I believe that you are talking about two different expressions. Both of these are true:

$${\displaystyle \lim _{n\to \infty }{\frac {n!\,\left(n+1\right)^{z}}{(n+z)!}}=1}$$

$${\displaystyle \lim _{n\to \infty }{\frac {1}{z}}\prod _{k=1}^{n}\left[{\frac {1}{1+{\frac {z}{k}}}}\left(1+{\frac {1}{k}}\right)^{z}\right]=\Gamma (z)}$$ —Quantling (talk | contribs) 16:41, 6 November 2023 (UTC)[reply]

O tema sobre depressão 45.174.137.0 (talk) 14:19, 7 May 2025 (UTC)[reply]

What is t? This is crucial really, but I have never found a definition for it. Is it a constant? If not, how would you go about working it out on a scientific calculator with standard trig and logarithmic functions? Koro Neil (talk) 00:55, 3 August 2024 (UTC)[reply]

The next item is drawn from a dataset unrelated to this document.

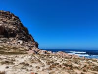 Der letzte Tag ist angebrochen, aber wir haben noch einige Highlights auf dem Zettel. Mit unserem Reiseleiter Thomas fahren wir zunächst zum Cape Point, der Beginn des Nationalparks Tafelberg am Kap der Guten Hoffnung. Auf der Strecke fahren wir an der eleganten und sonnigen Küste Kapstadts entlang. Die Südafrikaner genießen am Strand das schöne Wetter. Atemberaubende Ausblicke bieten sich uns entlang der Panoramastraße Chapman's Peak Drive, die von Hout Bay nach Noordhoek führt. Sie gehört zu den schönsten Straßen der Welt. Wir kommen vorbei an breiten Dünen und weißen Stränden. Kurz vor dem Eingang zum Cape Point besuchen wir eine große Straußenfarm. Im Park stoppen wir an der Aussichtsplattform am Cape Point und fahren mit der Standseilbahn hoch zum Alten Leuchtturm, der auch zu Fuß erreichbar ist. Oben angelangt erfreuen uns herrliche Aussichten auf das Kliff am Südende der Kap-Halbinsel. Nach einer kurzen Autofahrt erreichen wir anschließend das absolute MUSS der Tour auf der Kaphalbinsel: Das Kap der Guten Hoffnung. Viele Besucher tummeln sich hier bereits, um das berühmte Foto am Schild des südwestlichsten Punkts Südafrikas zu schießen. Wir tun es ebenso.

You mean the t in the first displayed equation and in the infobox? It's the variable of integration. Obviously. That's what the "dt" part at the end of the integral denotes. If you don't know what a variable of integration is, this article may not be for you. —David Eppstein (talk) 01:35, 3 August 2024 (UTC)[reply]

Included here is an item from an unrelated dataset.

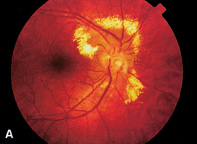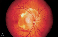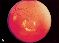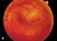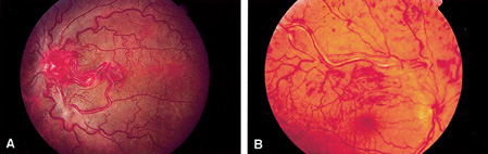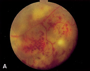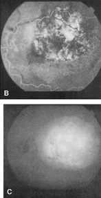 retinovascular features. This syndrome typically affects young healthy individuals with a female preponderance. Despite the significant retinal findings, patients often are asymptomatic at presentation. In the largest series of 10 patients, all three features described by the acronym IRVAN were required for diagnosis.133 This includes the presence of numerous aneurysmal dilations of the optic nerve head and retinal arterioles at or near their major branching sites. The aneurysms measure between 75 and 300 μm in diameter and may have a triangular, Y-shaped or coiled configuration. Aneurysmal changes at the optic nerve head may be associated with ectatic changes and apparent elongation of the adjacent arteries (Fig. 15A). The vascular abnormalities in IRVAN have a propensity to leak, leading to exudative retinopathy, but do not have a predisposition to hemorrhage. Subretinal, intraretinal, or vitreous hemorrhage secondary to aneurysms has not been associated with IRVAN. This is contrasted with senile acquired macroaneurysms, which occur in older individuals with systemic hypertension, are round, and may be associated with either hemorrhage or serous exudation. IVFA is useful to delineate aneurysmal changes in IRVAN. Vasculitis is demonstrated by staining of the arterial and venous walls on IVFA, and the arterioles appear to be more severely affected (see Fig. 15B). Neuroretinitis is manifested clinically as optic nerve head swelling and as late diffuse staining of the optic nerve head on IVFA. Extensive peripheral retinal capillary nonperfusion with sequelae of retinal ischemia, such as neovascularization of the retina or anterior segment, may occur. Vitreous hemorrhage may occur secondary to retinal neovascularization. Vitritis has been described in IRVAN and may be accompanied by anterior uveitis. IRVAN is differentiated from Bales' disease, which has a predilection for young male patients, an association with tuberculin hypersensitivity, more marked uveitis, retinal venous inflammation, and a lack of multiple macroaneurysms.133 Although some cases of IRVAN maintain good visual acuity, severe visual loss may result from exudative maculopathy or sequelae of retinal ischemia. Extensive medical investigations have not revealed any systemic associations. Systemic corticosteroids do not appear to have a beneficial effect on uveitis or retinal ischemia. There is limited experience regarding laser photocoagulation to aneurysms to treat eyes with exudative retinopathy threatening the fovea. Branch artery occlusion was described in one case after laser photocoagulation to a single aneurysm.133 Chang and colleagues recommend observing eyes without retinal neovascularization and performing panretinal laser photocoagulation for eyes that have developed retinal neovascularization or have signs of rapidly progressive anterior segment ischemia.133 Vitrectomy has been performed for eyes with persistent vitreous hemorrhage. |

Yes, it's so obvious. To you. Not so much to the other person, it would appear. I guess that wasn't obvious. ISaveNewspapers (talk) 13:01, 8 February 2025 (UTC)[reply]

Respectfully, it is obvious to anyone who knows elementary calculus, which is a pre-requisite to any hope of understanding this whole topic. And I hugely appreciate this superbly done article. HWSager (talk) 05:17, 9 February 2025 (UTC)[reply]

Simple explanation there: Koro Neil does not have a perfect understanding of elementary calculus and made a mistake. Obviously. ISaveNewspapers (talk) 16:18, 10 February 2025 (UTC)[reply]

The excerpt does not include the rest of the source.